- The Washington Times - Thursday, October 30, 2003

Strolling past Russian Ambassador Yuri V. Ushakov’s residence at just the right moment Tuesday night, one might have heard James Wadsworth Symington’s melodic voice drifting down to the street from the second-floor Gold Room.

“Follow the fellow who follows the dream,” the former congressman and cabaret crooner sang as he finished a spirited rendition of “Follow the Rainbow” dedicated to Librarian of Congress James H. Billington.

The vocal tribute to Mr. Billington’s remarkable library-building efforts sweetly presaged what was to follow when the author of “The Icon and the Axe” and other works was tested publicly on his vast knowledge of all things Russian before a standing-room-only crowd that included former Secretary of Defense Robert S. McNamara, former ambassadors to Russia James Collins and Thomas R. Pickering, Lucky Roosevelt, Priscilla Roosevelt, William H. Webster, Russell and Aileen Train, Wendy Burden Morgan and Libby Halaby, plus various Obolenskys, Tolstoys, Chavchavadzes and others of that ilk.

The invitation to the American Russian Cultural Cooperation Foundation benefit promised “A Public Trial of His Expertise on Russia,” and the judges, Mr. Ushakov (on the Russian side) and Justice Antonin Scalia (for the Americans), lost no time peppering Mr. Billington with questions after the customary offering of bread and salt.

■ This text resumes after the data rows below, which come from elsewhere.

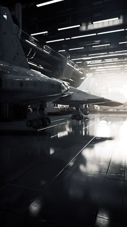 A sleek fighter jet is front and center in a spacious, well-lit hangar. Engineers are visible in the background, ensuring the aircraft is ready for flight.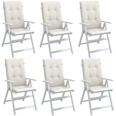 Pružite svom vanjskom prostoru za boravak svjež izgled u trenu uz ove udobne jastuke za stolice s visokim naslonom! - Izdržljiv materijal: Poliester je sintetički materijal poznat po svojoj otpornosti na UV zračenje i zateznoj čvrstoći. - Meko punjenje: Vanjski jastuk punjen je pjenastim vlaknima za iznimno mekanu i optimalnu udobnost pri sjedenju. Ovaj jastuk za stolicu vraća se u izvorni oblik nakon svake upotrebe. - Široka primjena: Jastuk je prikladan za vanjsku upotrebu, primjerice na vrtnom i namještaju za terasu, ali se također može upotrebljavati u zatvorenom prostoru kao podloga za obiteljsku ili uredsku stolicu. Također je prekrasan ukras koji daje vašem domu svjež izgled. - Dizajn koji ne klizi: Pažljivo dizajnirane vezice i elastična traka za naslon olakšavaju pričvršćivanje jastuka na namještaj i drže ga uredno i čvrsto na mjestu. Dobro je znati: Proizvod je pakiran pod vakuumom, stoga mu je potrebno neko vrijeme da se proširi i vrati u prvobitni oblik. - Boja: Prošarano krem - Materijal: Tkanina (100 % poliester) - Materijal punjenja: Pjenasta vlakna - Dimenzije (svakog): 120 x 50 x 4 cm (D x Š x Deb.) - Duljina vezice (svake): 30 cm - S 1 elastičnom trakom i 2 seta vezica - Prikladno za stolice s visokim naslonom - Isporuka sadrži: - 6 x jastuk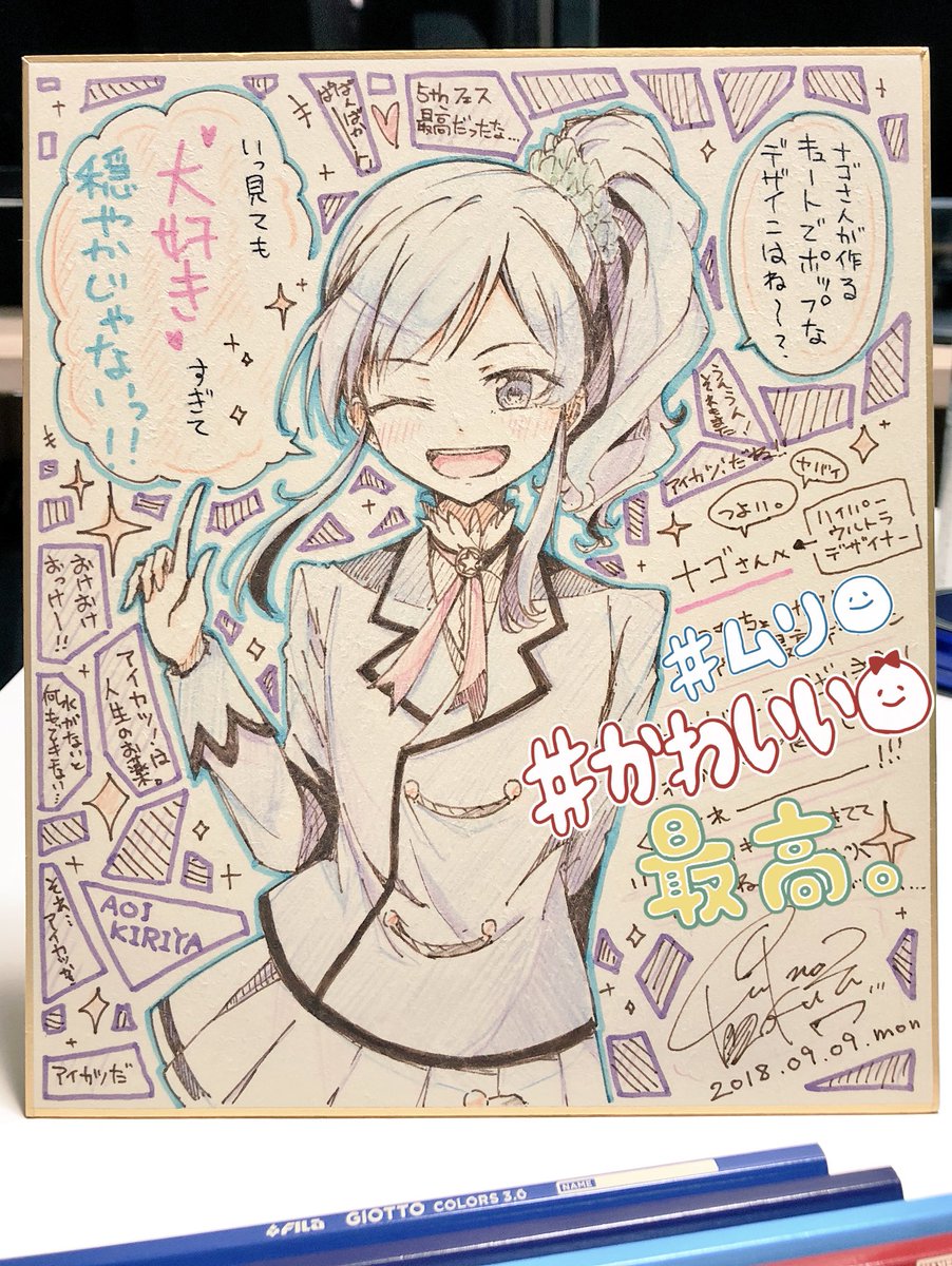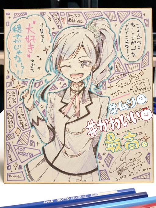 55 216 いつもデザインとかでお世話になってるナゴさんに、霧矢さん家のあおいちゃん描きました✌️😌✨ 18/09/10 11:07

“Who was the first American chief of mission to my country?” Mr. Ushakov asked after drawing the first question from a traditional Russian fur hat.

“John Quincy Adams, appointed by President James Madison,” Mr. Billington replied, swiftly adding for extra good measure the name of the first Russian envoy to the United States.

“And who lent the money to the U.S. government to buy Alaska?” Mr. Scalia queried.

Another quick answer: “Riggs Bank, the building closest to headquarters.”

So it went, with the unflappable guest of honor demonstrating erudition throughout.

Though admirably acquitted to thunderous applause and adorned in glory with an Ivan the Terrible-style crown atop his head, the defendant had a confession to make.

“Ladies and gentlemen, I have to tell you that I have just re-enacted the role of Charles Van Doren.”

All to great laughter, of course. No one cared if he had been given the questions in advance. It was just a show.

But not, as it turned out, a show trial.

“Oh no, the judgment is not quite the same,” Mr. Ushakov said, shaking with laughter as he made it perfectly clear Mr. Billington’s lack of concentration would not condemn him to a concentration camp in Siberia or elsewhere.

Justice Scalia also was contrite. “I’m ashamed of myself. We fed him the answers,” he said later as guests downed vodka and swarmed over the buffet in the dining room. Nonetheless, he did enjoy banging down his gavel each time a question was answered correctly.

“Even the chief [justice] doesn’t get to do it that much,” he said with a grin.